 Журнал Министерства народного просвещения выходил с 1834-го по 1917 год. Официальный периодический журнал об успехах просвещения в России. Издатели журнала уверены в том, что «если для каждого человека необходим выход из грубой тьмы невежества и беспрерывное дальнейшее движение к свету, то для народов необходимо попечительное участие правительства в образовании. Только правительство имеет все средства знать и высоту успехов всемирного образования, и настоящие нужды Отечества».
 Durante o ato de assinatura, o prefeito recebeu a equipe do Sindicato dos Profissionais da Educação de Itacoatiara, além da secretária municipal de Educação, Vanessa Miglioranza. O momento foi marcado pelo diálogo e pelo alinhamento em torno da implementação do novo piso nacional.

---

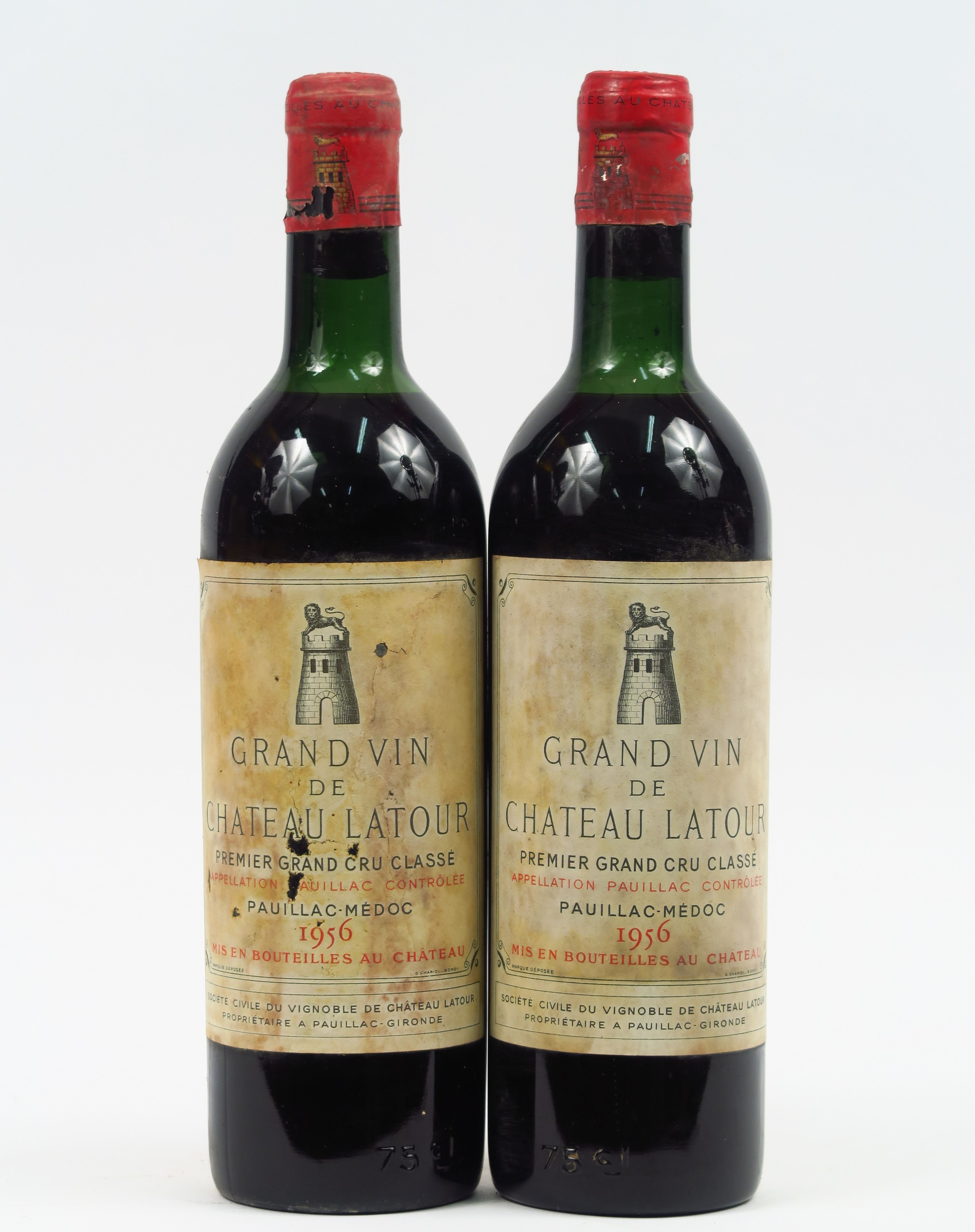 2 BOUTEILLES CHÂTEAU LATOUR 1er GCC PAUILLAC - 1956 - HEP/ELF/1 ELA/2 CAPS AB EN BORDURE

TRY IT: Find "Журнал Министерства народного" in the entries above and copy that whole line exactly, then each line after it through the line that contains "Durante o ato".

EXERCISE OUTPUT:
 Журнал Министерства народного просвещения выходил с 1834-го по 1917 год. Официальный периодический журнал об успехах просвещения в России. Издатели журнала уверены в том, что «если для каждого человека необходим выход из грубой тьмы невежества и беспрерывное дальнейшее движение к свету, то для народов необходимо попечительное участие правительства в образовании. Только правительство имеет все средства знать и высоту успехов всемирного образования, и настоящие нужды Отечества».
 Durante o ato de assinatura, o prefeito recebeu a equipe do Sindicato dos Profissionais da Educação de Itacoatiara, além da secretária municipal de Educação, Vanessa Miglioranza. O momento foi marcado pelo diálogo e pelo alinhamento em torno da implementação do novo piso nacional.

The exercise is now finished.